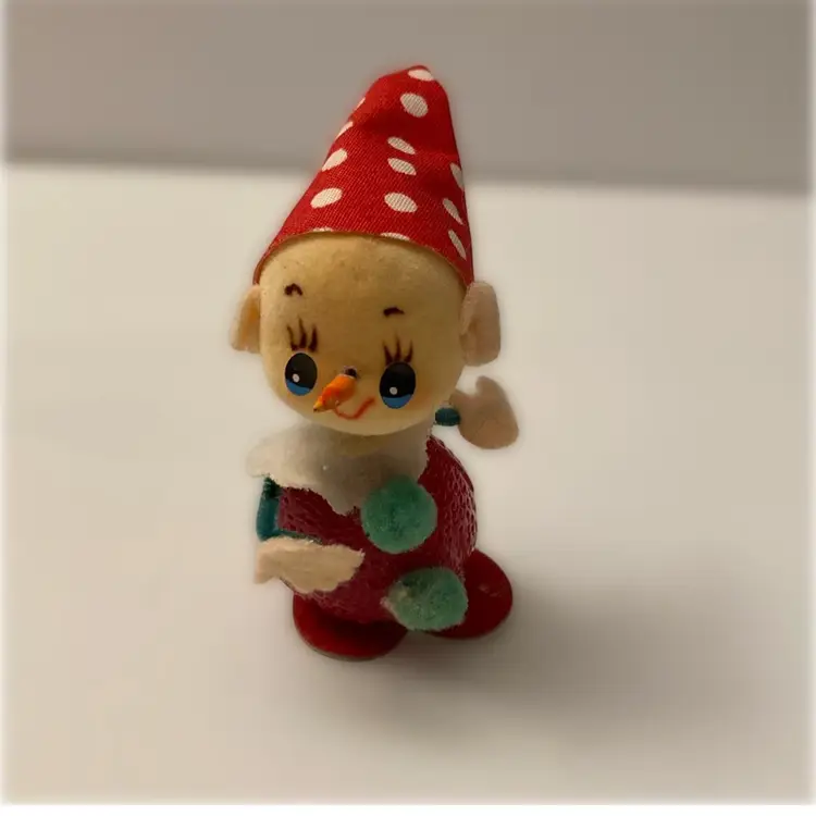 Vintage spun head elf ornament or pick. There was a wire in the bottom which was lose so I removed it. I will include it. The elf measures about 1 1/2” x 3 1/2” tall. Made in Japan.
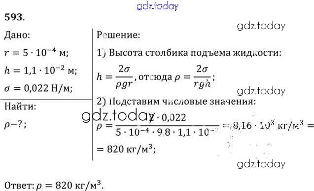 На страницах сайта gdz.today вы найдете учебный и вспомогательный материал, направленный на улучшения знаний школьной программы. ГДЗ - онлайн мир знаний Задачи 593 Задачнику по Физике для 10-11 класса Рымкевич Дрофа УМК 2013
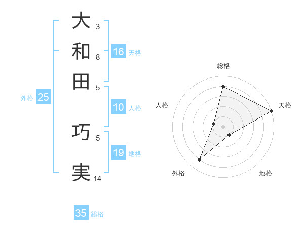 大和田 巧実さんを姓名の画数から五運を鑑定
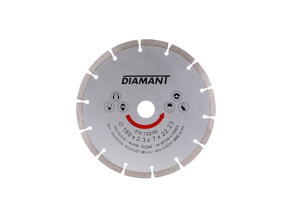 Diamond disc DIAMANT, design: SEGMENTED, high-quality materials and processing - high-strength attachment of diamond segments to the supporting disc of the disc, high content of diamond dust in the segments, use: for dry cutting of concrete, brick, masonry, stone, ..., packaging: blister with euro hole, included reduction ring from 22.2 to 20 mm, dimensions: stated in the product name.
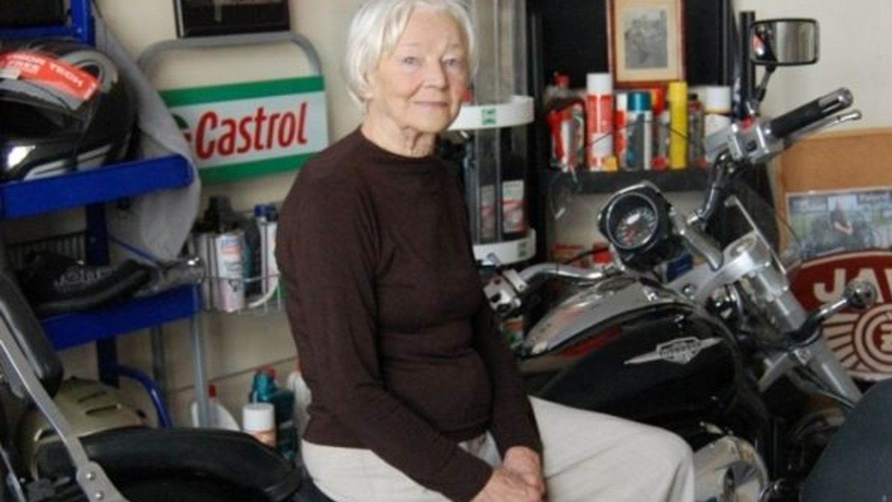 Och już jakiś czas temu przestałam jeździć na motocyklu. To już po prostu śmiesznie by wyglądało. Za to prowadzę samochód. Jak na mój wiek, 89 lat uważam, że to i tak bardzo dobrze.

Instructions for the task:
With no pictures included, write out the entries exactly.

Exercise response:
 Vintage spun head elf ornament or pick. There was a wire in the bottom which was lose so I removed it. I will include it. The elf measures about 1 1/2” x 3 1/2” tall. Made in Japan.
 На страницах сайта gdz.today вы найдете учебный и вспомогательный материал, направленный на улучшения знаний школьной программы. ГДЗ - онлайн мир знаний Задачи 593 Задачнику по Физике для 10-11 класса Рымкевич Дрофа УМК 2013
 大和田 巧実さんを姓名の画数から五運を鑑定
 Diamond disc DIAMANT, design: SEGMENTED, high-quality materials and processing - high-strength attachment of diamond segments to the supporting disc of the disc, high content of diamond dust in the segments, use: for dry cutting of concrete, brick, masonry, stone, ..., packaging: blister with euro hole, included reduction ring from 22.2 to 20 mm, dimensions: stated in the product name.
 Och już jakiś czas temu przestałam jeździć na motocyklu. To już po prostu śmiesznie by wyglądało. Za to prowadzę samochód. Jak na mój wiek, 89 lat uważam, że to i tak bardzo dobrze.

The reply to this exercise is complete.